(INSTRUCTIONS FOR THE TASK): Copy out the listing that follows, exact in every word, and skip the images.

(COLLECTED MATERIAL):
--*--
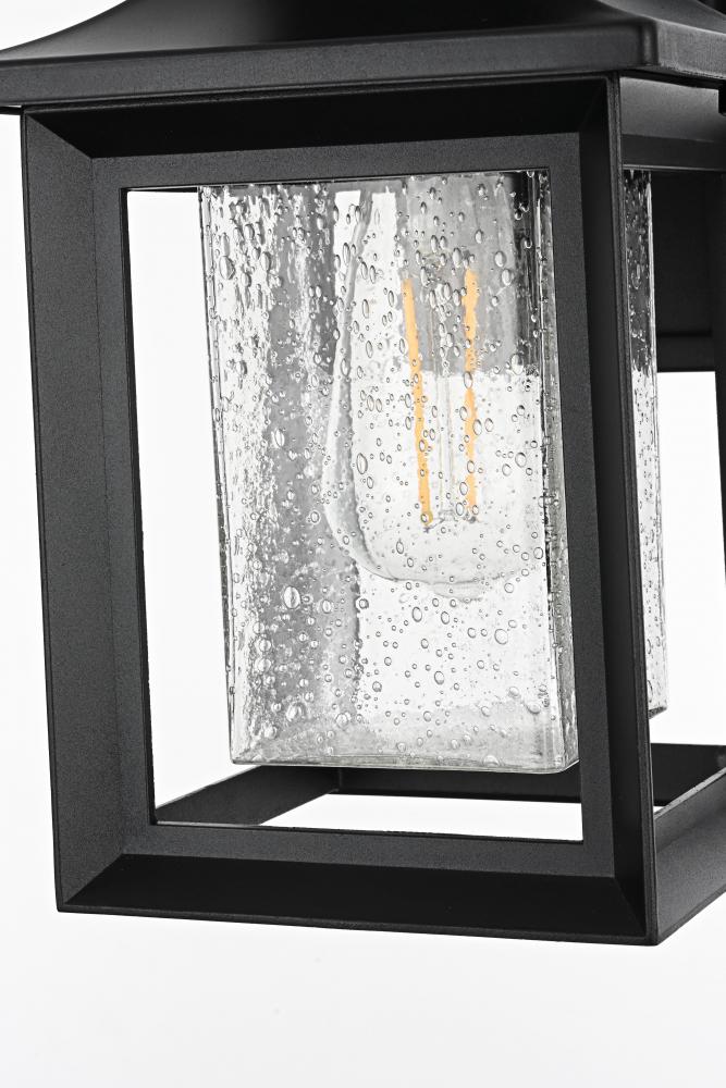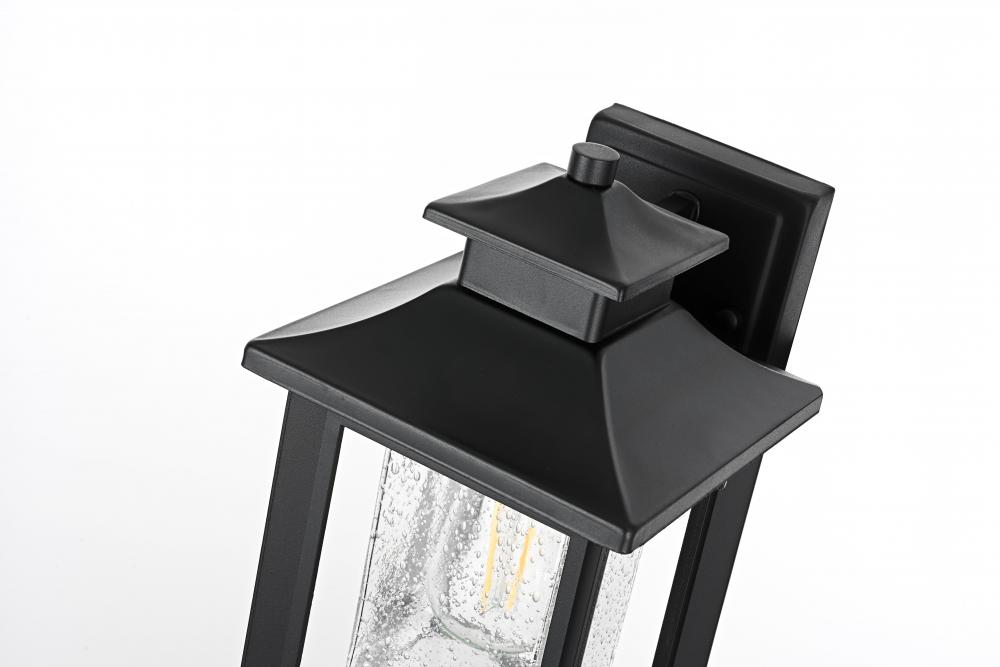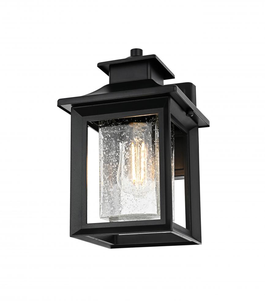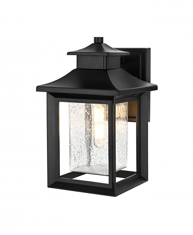 This outdoor wall sconce blends sturdy construction with a clean and crisp design, making it perfect for enhancing the ambiance of your porch, patio, or entryway. Constructed from durable aluminum with a striking black finish, the lantern features a rectangular frame with a subtly pitched roof that provides a modern yet timeless touch. The sconce's clean lines are contrasted by the textured, clear seeded glass, which softly diffuses light to create an inviting glow. The E26 socket base allows you to choose from a wide variety of bulb styles to further personalize the fixture, making it versatile for various decor styles. This fixture is as functional as it is stylish, providing a perfect balance of form and purpose to brighten your outdoor spaces.
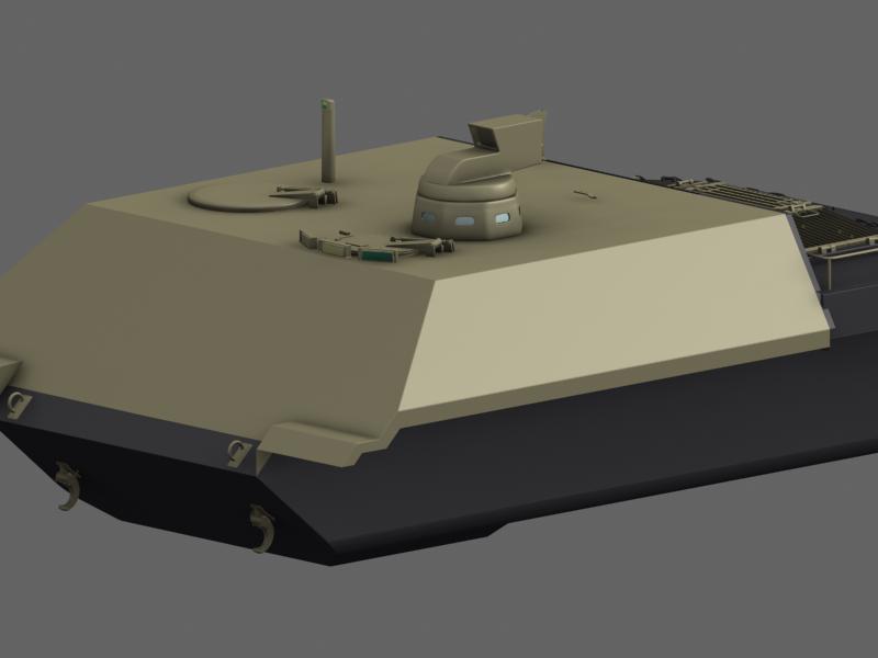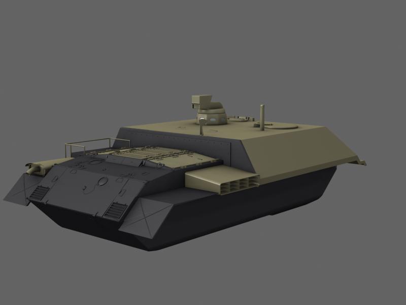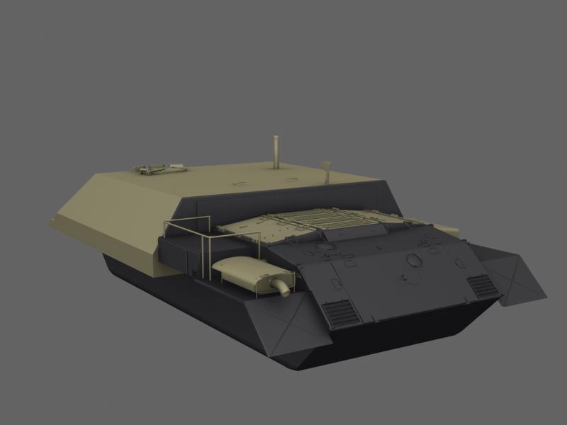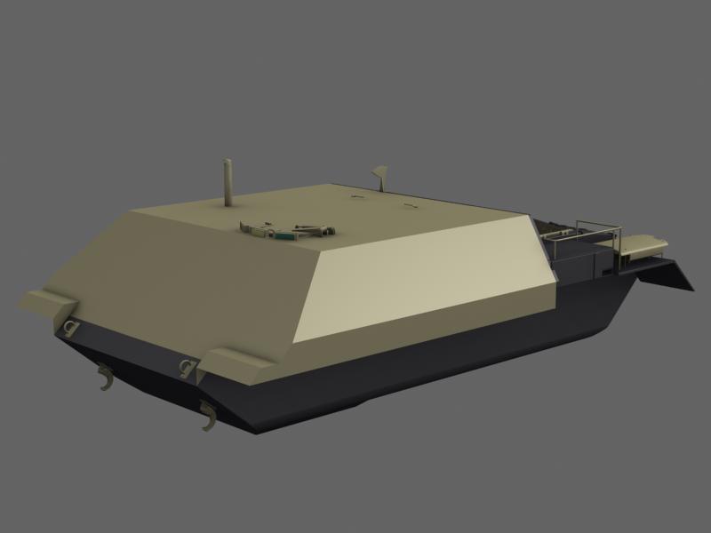 Ahora dejaremos esto como esta y me dedicaré a modelar las orugas y las suspensiones, ya iremos retocando la barcaza, el caso es que la forma básica ya está conseguida, el resto es añadir detalles y cajas.
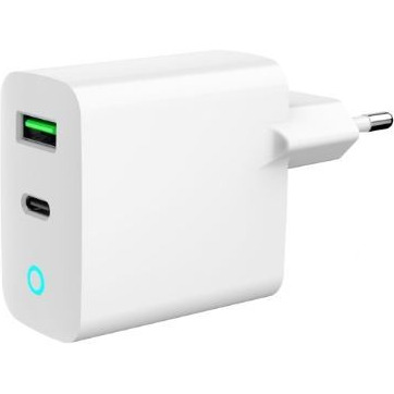 Szybka ładowarka USB 20W 2-portowa, LED, biała 20 W mocy dla Twojego smartfona lub tabletu Port typu C lub standardowy port USB do szybkiego ładowania większości smartfonów Obsługuje protokół szybkiego ładowania USB PD i QC 3.0 Praktyczny wskaźnik LED pokazuje stan ładowania
--*--
(RESULT OF THE EXERCISE):
 This outdoor wall sconce blends sturdy construction with a clean and crisp design, making it perfect for enhancing the ambiance of your porch, patio, or entryway. Constructed from durable aluminum with a striking black finish, the lantern features a rectangular frame with a subtly pitched roof that provides a modern yet timeless touch. The sconce's clean lines are contrasted by the textured, clear seeded glass, which softly diffuses light to create an inviting glow. The E26 socket base allows you to choose from a wide variety of bulb styles to further personalize the fixture, making it versatile for various decor styles. This fixture is as functional as it is stylish, providing a perfect balance of form and purpose to brighten your outdoor spaces.
 Ahora dejaremos esto como esta y me dedicaré a modelar las orugas y las suspensiones, ya iremos retocando la barcaza, el caso es que la forma básica ya está conseguida, el resto es añadir detalles y cajas.
 Szybka ładowarka USB 20W 2-portowa, LED, biała 20 W mocy dla Twojego smartfona lub tabletu Port typu C lub standardowy port USB do szybkiego ładowania większości smartfonów Obsługuje protokół szybkiego ładowania USB PD i QC 3.0 Praktyczny wskaźnik LED pokazuje stan ładowania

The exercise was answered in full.